The Place of The Seven Cotton Trees -Pt. 6

Read Time: 5 min | Historical Fiction | Romance | Drama | Part 6

By the time we had sighted the island of Hispaniola, I had mastered many of the tasks on the small ship. Mostly the task of scrubbing the deck once my strength had returned. Tahiris and I would spend days altering clothing, patching, darning, and being creative with meals. The men had objected to me doing any menial tasks, but I had no intention of pretending to be a lady, content to idle away my time reading poetry and pampering myself needlessly to frustrate a boat load of desperate men. But I did still afford them the luxury of poetry and stories at night.

Tahiris had a different charm about her. She was quite at ease among them, a charisma enriched with the bawdy effervescence of brothel champagne. If there were such a thing, she would have had it by the barrel load.

The men loved her and respected her. Me, on the other hand, they preferred to treat with a filial deference. I was a little sister, who needed the protection of the mob. I still didn’t drop my guard around them. Vasco had become the captain’s right-hand man and had taken to this life like a duck to water. At first the men would do their best to rankle the boy, but he had grown up wild, and tough, and soon they began to treat him as an equal. He blossomed in this environment. But Tahiris and I still treated him as though he was our child.

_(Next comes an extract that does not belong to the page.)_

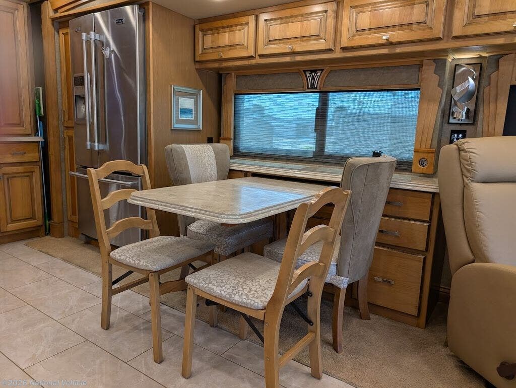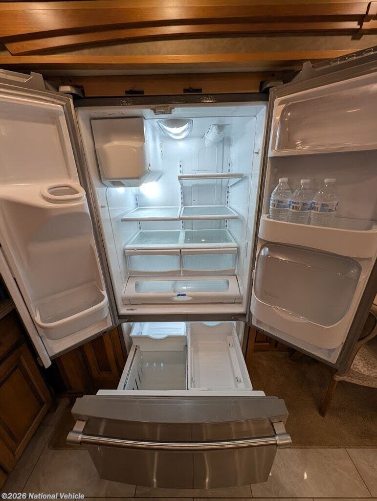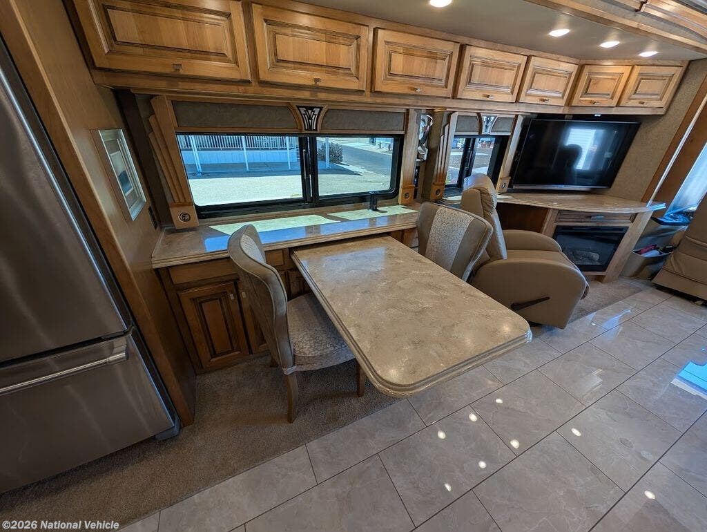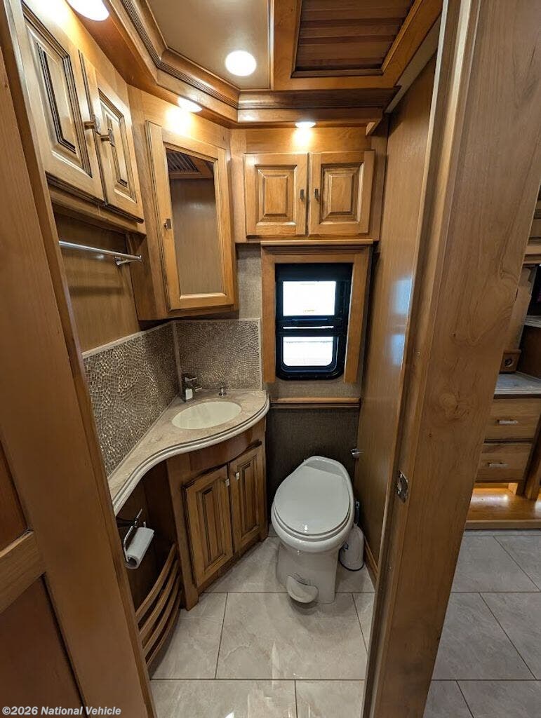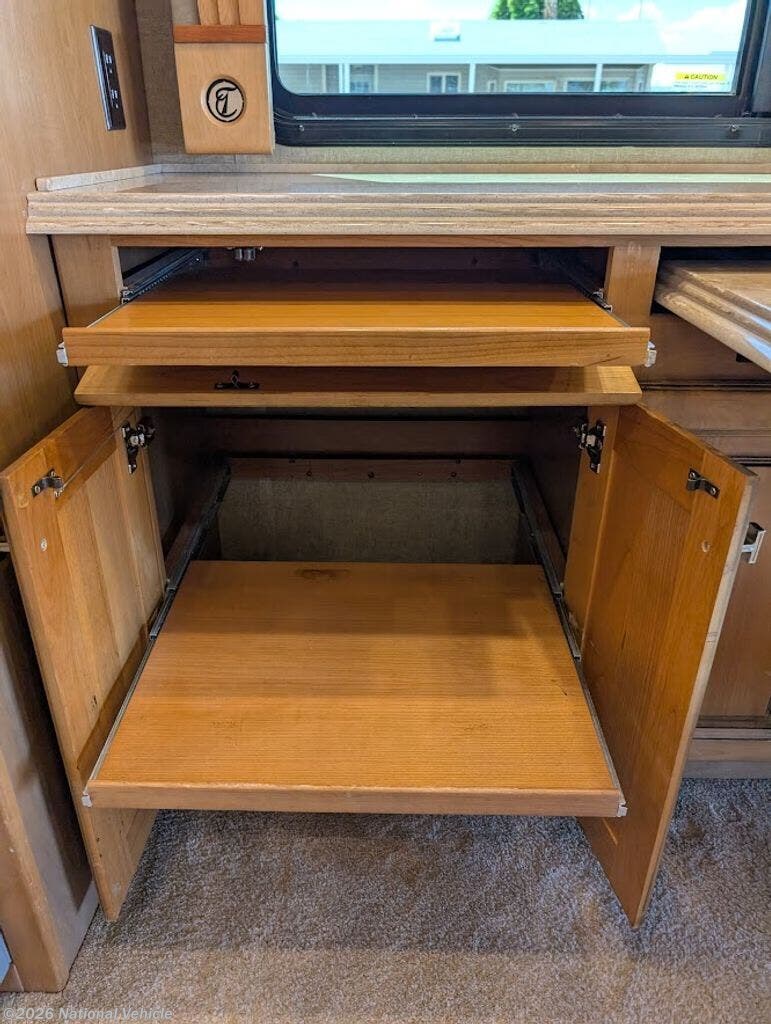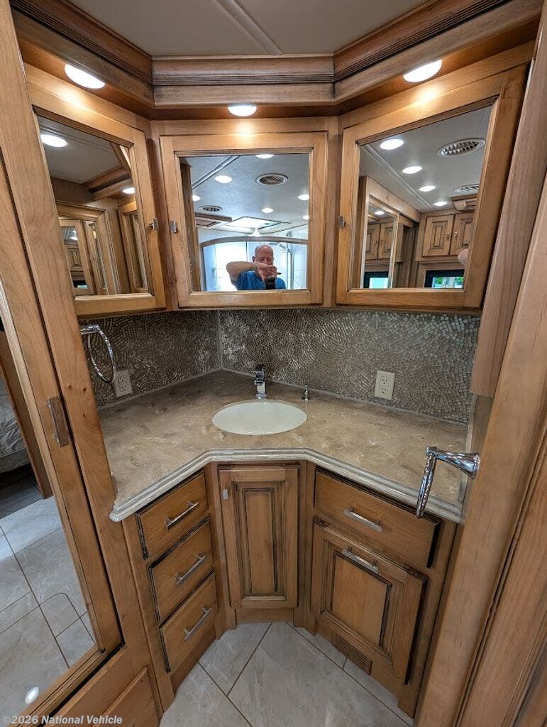 The gourmet kitchen is fully residential in design, offering solid-surface countertops, convection microwave, three-burner cooktop, and a spacious residential refrigerator. Thoughtful storage and high-end fixtures make cooking on the road effortless and refined.

It had been smooth sailing for the most part, except for three straight nights of dismal weather about a week ago, where we lost one soul and would have lost Vasco as well, had they not insisted on strapping him to the rails. There was a flogging, something I had never witnessed in my entire life. A brutality which Tahiris petitioned the captain to cease, to no avail. He reminded us that these men were unsavory characters at the best of times, and out here in the middle of nowhere, his ability to maintain order was made more difficult by the presence of two women. He said it with a vehement disdain that I could not replicate. It was our duty to tend to injuries sustained by the men. Mostly bandages and poultices. There was a broken arm, and we had pulled a tooth. There was also the fledgling romance between Tahiris and the captain. I had witnessed the quiet glances between the two of them and seen her attempting to slip away at night to visit him on several occasions.

Today, Tahiris was inspecting my scars. A process which required a privacy impossible to find on a vessel filled with men. But we made do in the captain’s quarters which he gladly vacated for my sake.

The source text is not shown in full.